→ Your assignment
The entire listing below is to be written out exactly, minus the pictures.

→ Data
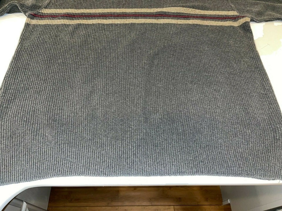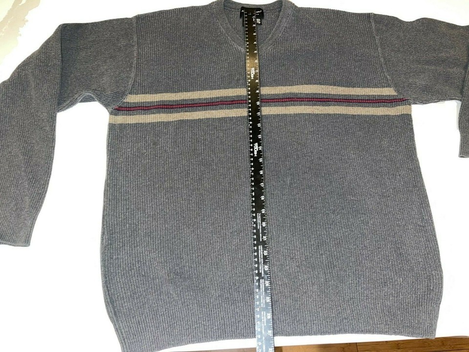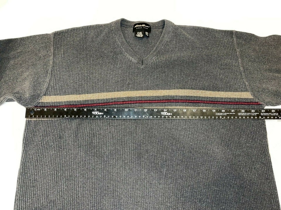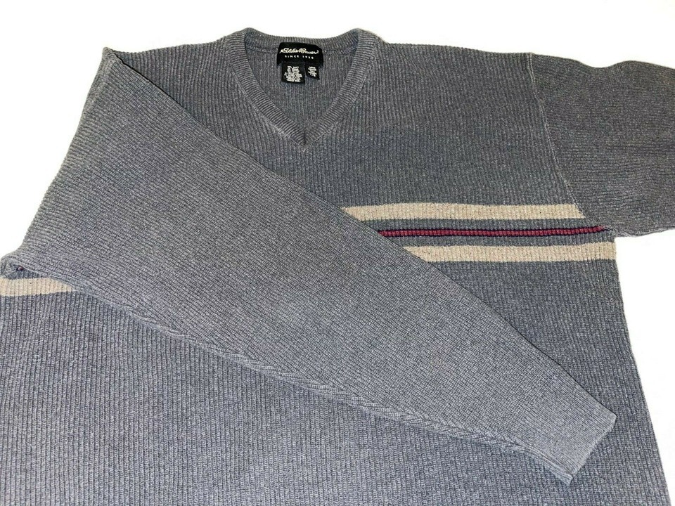 Mens Eddie Bauer Long Sleeve Grey Bulky Knit Sweater with Stripe across chest
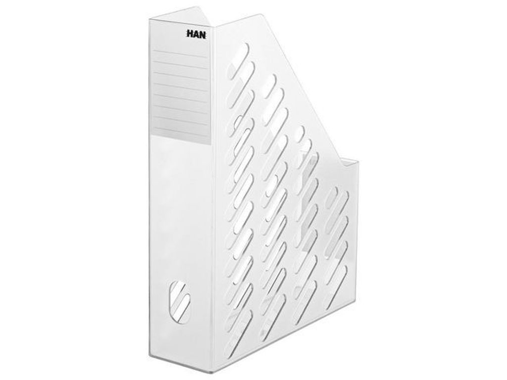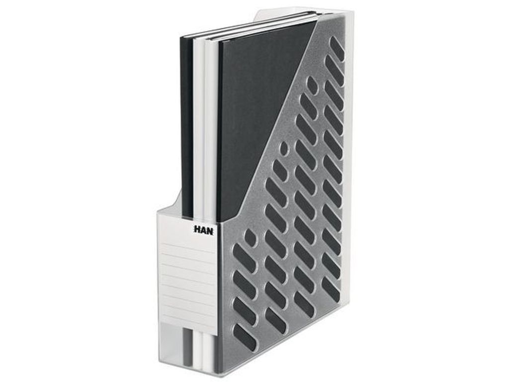 Tidskriftssamlaren KLASSIK ifrån HAN i en klassisk modern design. Med ett praktiskt fingerhål och en extra hög front håller den dokumenten säkert på plats. Tack vare dess design möjliggör den enkel visning av kataloger, broshyrer, tidsskrifter mm i sidled. - Lämplig för lagring av dokument upp till A4 / C4-storlek - Kapacitet: 70 mm - Yttermått (B x D x H): 76 x 246 x 315 mm - Framhöjd: 148 mm - Material: högkvalitativ plast, polystyren (PS) - Färg: Transparent
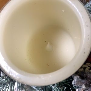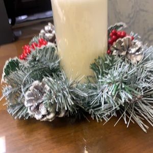 Battery operated candle surrounded by faux greenery berries and pinecones 7 inches high. Never used
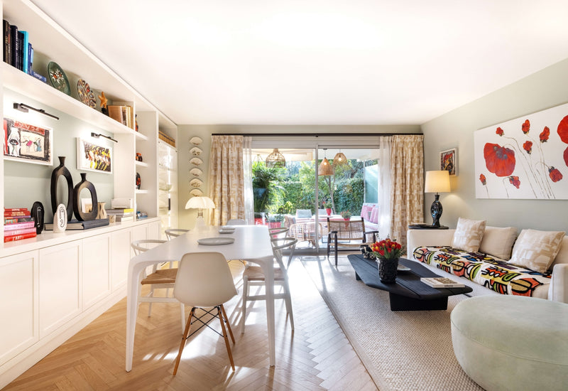 Situated in a beautiful estate in Cap Martin, surrounded by enchanting olive tree gardens, this apartment boasts an eclectic living room with iconic furniture and ethnic touches.
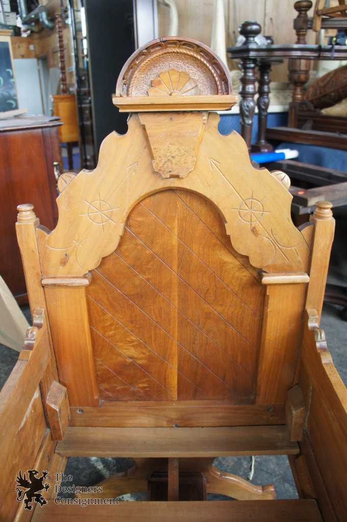 A gorgeous Victorian era cradle,circa 1880s. Made from carved walnut with a knockdown design allowing it to be moved and assembled easily. Along the left side is a foot rocker. Beautifully detailed showcasing amazing craftsmanship.
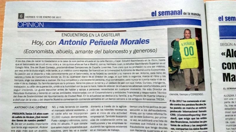 El Semanal de la Mancha está publicando periódicamente una sección titulada "Encuentros en la Castelar", en los que, a través de una entrevista tipo perfil, nuestro paisano, el Doctor en Ciencias Económicas y Empresariales Antonio Leal Giménez, mantiene una conversación tranquila y sosegada con personas nacidas en Alcázar de San Juan, pero que no residen en su pueblo de nacimiento. Parece ser que el objetivo general pretendido es hacerse eco de lo mucho que estas personas queremos y sentimos a nuestro pueblo y que se conozcan diferentes formas de pensar y proceder en sus profesiones respectivas, sacando a la luz los valores que hacen gala por el mundo desde que abandonamos nuestra tierra natal. No solo la educación en esos valores nos delata como moñigones, sino el sabernos hijos de Alcázar de San Juan.
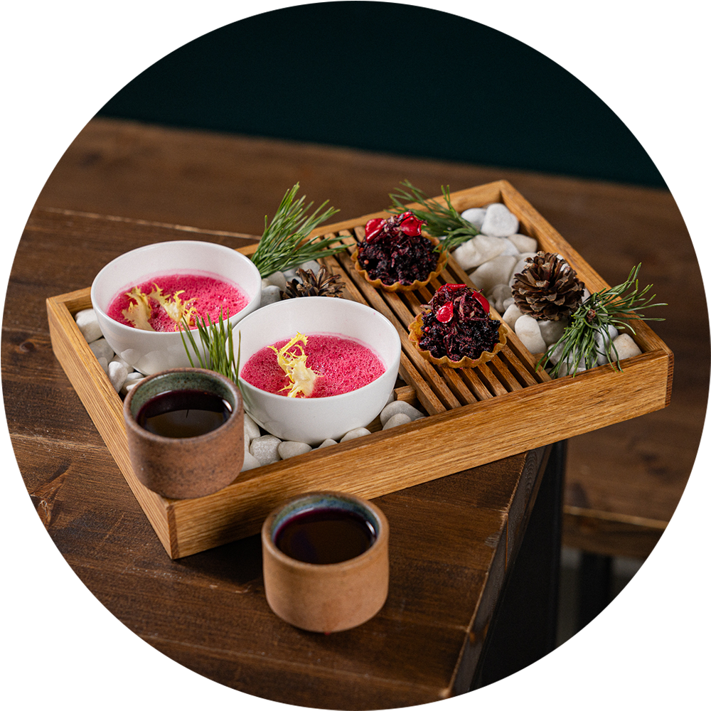 Through creative new creations, premium ingredients, and uncompromisingly delicious dishes, we demonstrate what modern vegan cuisine can look and taste like. The team in the Bonvivant kitchen draws inspiration from Japanese, Nordic, and French culinary traditions, particularly in matters of seasonality and flavor. From blossoms and conifer fruits to a wide variety of vegetables, we experiment until every nuance is refined and every tasting plate is returned completely empty.
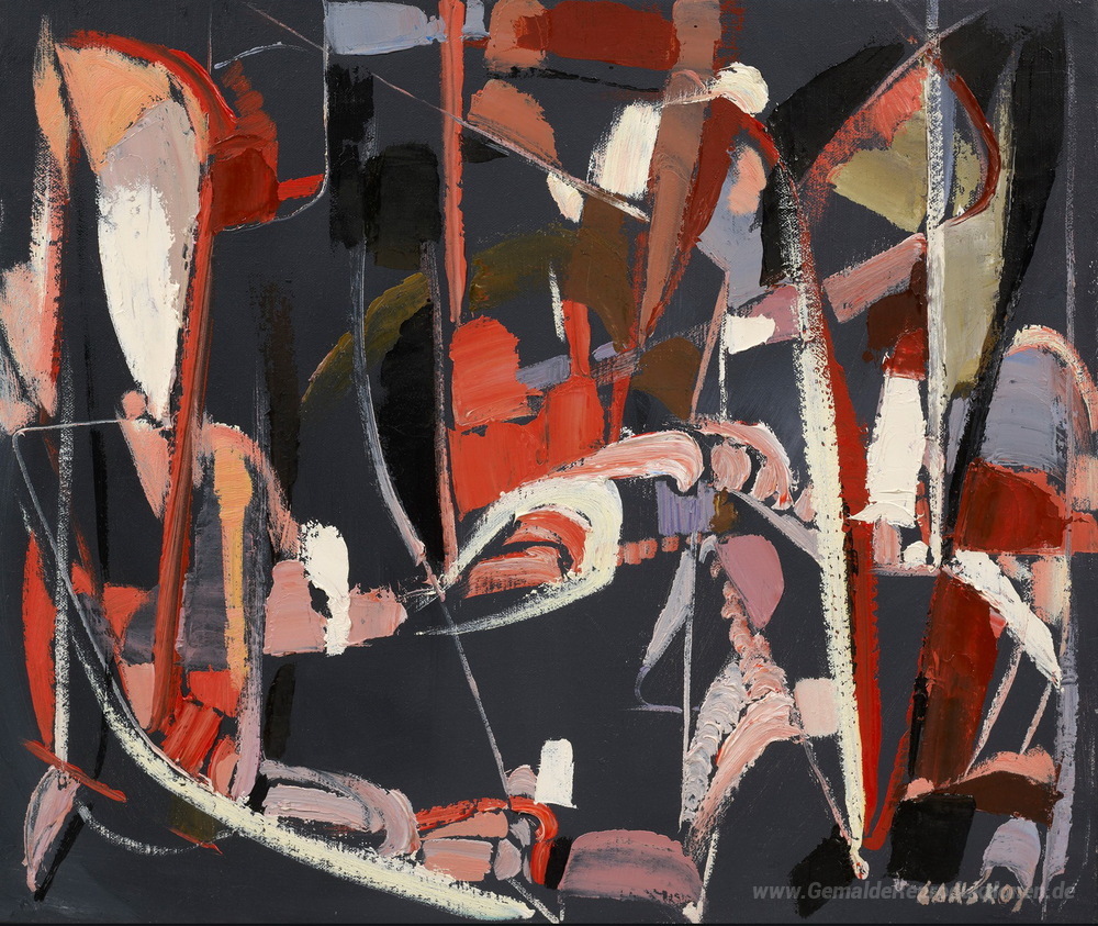 Wir bieten Ihnen eine handgefertigte Reproduktion auf Leinwand des berühmten Kunstwerks 'Composition sur fond ardoise' von Andre Lanskoy, aus dem Reproduktionsmuseum.
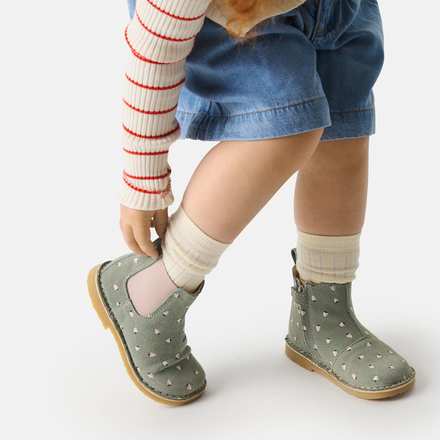 Das Design des Stiefels zeichnet sich durch eine gute, stabile Fersenkappe aus, die dem Kind den richtigen Halt am Knöchel gibt, der wichtig ist, um den ganzen Tag über Komfort und Stabilität zu gewährleisten. Die feste Zehenkappe schützt die kleinen Zehen vor Stößen, so dass sich der Schuh sowohl für das Spielen auf dem Spielplatz als auch für das Gehen auf verschiedenen Untergründen eignet.
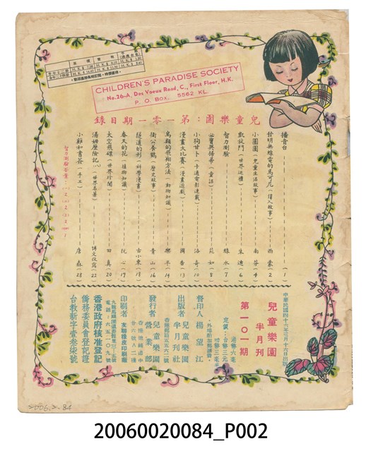 1.本件為《兒童樂園》第101期,彩色印刷,內容有偉人故事、兒童生活故事、世界巡禮、智力測驗、童話、卡通電影連載、漫畫遊戲、動物知識等等。2.《兒童樂園》創刊於1953年1月,至1995年因為經濟問題停刊,於香港共出版1006期的兒童半月刊。全書彩色印刷,內容包含歷史故事、世界童話等等,取材新穎、內容健康。
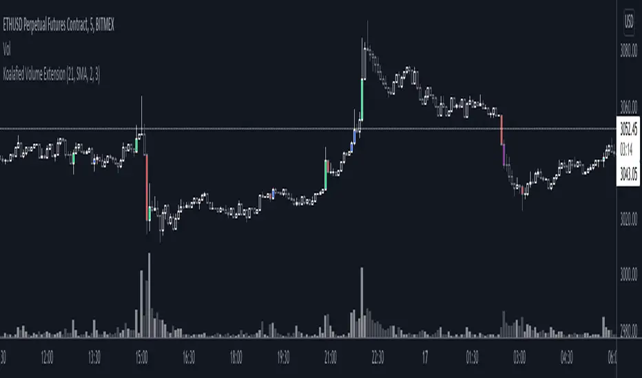 Bar colours based on extensions from volume Z-Score. Large volume candles can often signal exhaustion or show market strength in reversals or breakouts. Candles not supported by rising volume are coloured black while those that are retain their colouring.
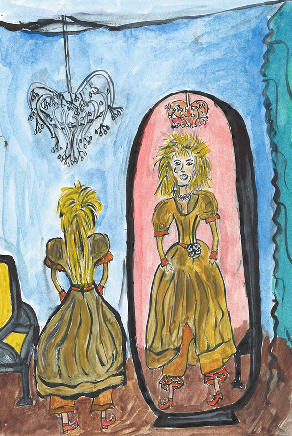 Девочка с распущенными волосами, которые ниспадали ей на плечи, как большой пучок рыжей соломы, сидела перед красным зеркалом и, рассматривая себя в нём, приговаривала:
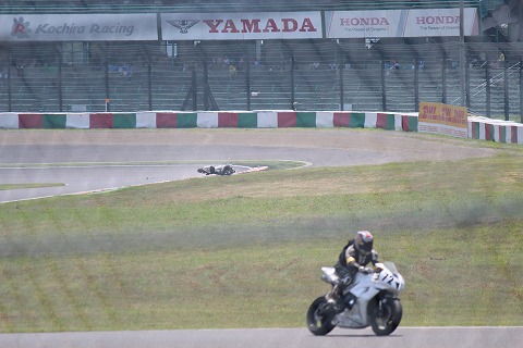 10:39 転倒 激感エリアで写真を撮り、ピットに戻ってくると、モニターに映し出されたのは、#30 転倒! やっちゃった。(>_<) 場所は最終コーナー手前のシケイン。 39周を終了した時点での転倒です。 大きな怪我は無いようですが、ピットに戻ってこられるのかな? |
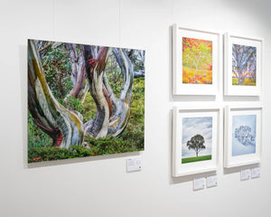 Experience the unique and graceful curves of snow gums on a wall in your home or workplace with Scott's CURVES wall art print. If you're looking to bring a piece of the Australian alps into your space, then this is a perfect addition. The textured tree trunks, highlighted by a subtle play of cool colours, create a natural interplay perfect for both traditional and more modern interior designs.
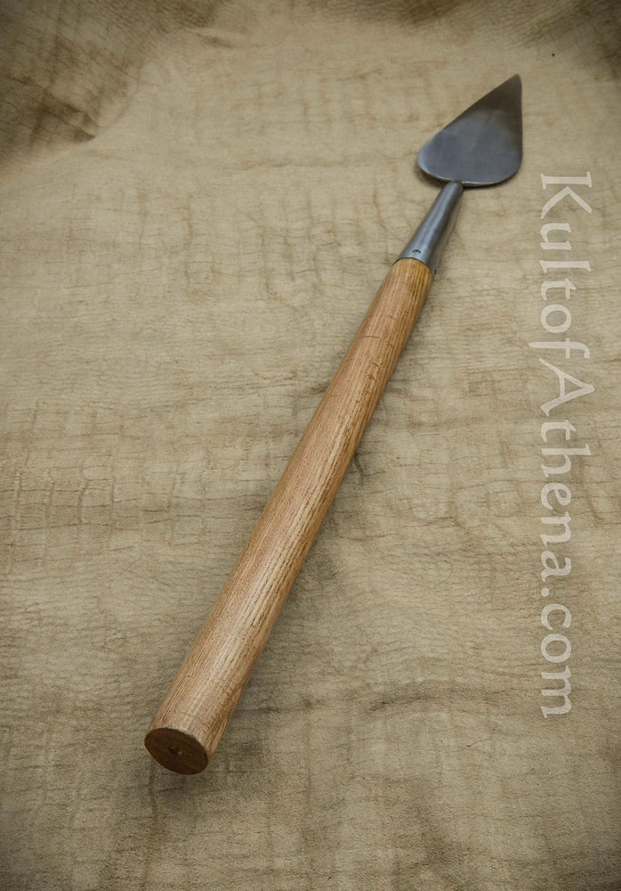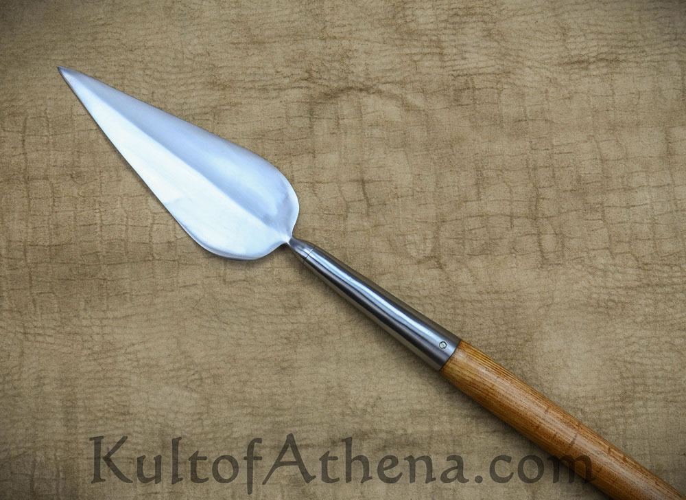 This Zulu Iklwa Spear has an unsharpened steel spearhead mounted and pinned onto a thick and sturdy hardwood haft. The spearhead is threaded onto the haft.

→ Exercise answer
 Mens Eddie Bauer Long Sleeve Grey Bulky Knit Sweater with Stripe across chest
 Tidskriftssamlaren KLASSIK ifrån HAN i en klassisk modern design. Med ett praktiskt fingerhål och en extra hög front håller den dokumenten säkert på plats. Tack vare dess design möjliggör den enkel visning av kataloger, broshyrer, tidsskrifter mm i sidled. - Lämplig för lagring av dokument upp till A4 / C4-storlek - Kapacitet: 70 mm - Yttermått (B x D x H): 76 x 246 x 315 mm - Framhöjd: 148 mm - Material: högkvalitativ plast, polystyren (PS) - Färg: Transparent
 Battery operated candle surrounded by faux greenery berries and pinecones 7 inches high. Never used
 Situated in a beautiful estate in Cap Martin, surrounded by enchanting olive tree gardens, this apartment boasts an eclectic living room with iconic furniture and ethnic touches.
 A gorgeous Victorian era cradle,circa 1880s. Made from carved walnut with a knockdown design allowing it to be moved and assembled easily. Along the left side is a foot rocker. Beautifully detailed showcasing amazing craftsmanship.
 El Semanal de la Mancha está publicando periódicamente una sección titulada "Encuentros en la Castelar", en los que, a través de una entrevista tipo perfil, nuestro paisano, el Doctor en Ciencias Económicas y Empresariales Antonio Leal Giménez, mantiene una conversación tranquila y sosegada con personas nacidas en Alcázar de San Juan, pero que no residen en su pueblo de nacimiento. Parece ser que el objetivo general pretendido es hacerse eco de lo mucho que estas personas queremos y sentimos a nuestro pueblo y que se conozcan diferentes formas de pensar y proceder en sus profesiones respectivas, sacando a la luz los valores que hacen gala por el mundo desde que abandonamos nuestra tierra natal. No solo la educación en esos valores nos delata como moñigones, sino el sabernos hijos de Alcázar de San Juan.
 Through creative new creations, premium ingredients, and uncompromisingly delicious dishes, we demonstrate what modern vegan cuisine can look and taste like. The team in the Bonvivant kitchen draws inspiration from Japanese, Nordic, and French culinary traditions, particularly in matters of seasonality and flavor. From blossoms and conifer fruits to a wide variety of vegetables, we experiment until every nuance is refined and every tasting plate is returned completely empty.
 Wir bieten Ihnen eine handgefertigte Reproduktion auf Leinwand des berühmten Kunstwerks 'Composition sur fond ardoise' von Andre Lanskoy, aus dem Reproduktionsmuseum.
 Das Design des Stiefels zeichnet sich durch eine gute, stabile Fersenkappe aus, die dem Kind den richtigen Halt am Knöchel gibt, der wichtig ist, um den ganzen Tag über Komfort und Stabilität zu gewährleisten. Die feste Zehenkappe schützt die kleinen Zehen vor Stößen, so dass sich der Schuh sowohl für das Spielen auf dem Spielplatz als auch für das Gehen auf verschiedenen Untergründen eignet.
 1.本件為《兒童樂園》第101期,彩色印刷,內容有偉人故事、兒童生活故事、世界巡禮、智力測驗、童話、卡通電影連載、漫畫遊戲、動物知識等等。2.《兒童樂園》創刊於1953年1月,至1995年因為經濟問題停刊,於香港共出版1006期的兒童半月刊。全書彩色印刷,內容包含歷史故事、世界童話等等,取材新穎、內容健康。
 Bar colours based on extensions from volume Z-Score. Large volume candles can often signal exhaustion or show market strength in reversals or breakouts. Candles not supported by rising volume are coloured black while those that are retain their colouring.
 Девочка с распущенными волосами, которые ниспадали ей на плечи, как большой пучок рыжей соломы, сидела перед красным зеркалом и, рассматривая себя в нём, приговаривала:
 10:39 転倒 激感エリアで写真を撮り、ピットに戻ってくると、モニターに映し出されたのは、#30 転倒! やっちゃった。(>_<) 場所は最終コーナー手前のシケイン。 39周を終了した時点での転倒です。 大きな怪我は無いようですが、ピットに戻ってこられるのかな? |
 Experience the unique and graceful curves of snow gums on a wall in your home or workplace with Scott's CURVES wall art print. If you're looking to bring a piece of the Australian alps into your space, then this is a perfect addition. The textured tree trunks, highlighted by a subtle play of cool colours, create a natural interplay perfect for both traditional and more modern interior designs.
 This Zulu Iklwa Spear has an unsharpened steel spearhead mounted and pinned onto a thick and sturdy hardwood haft. The spearhead is threaded onto the haft.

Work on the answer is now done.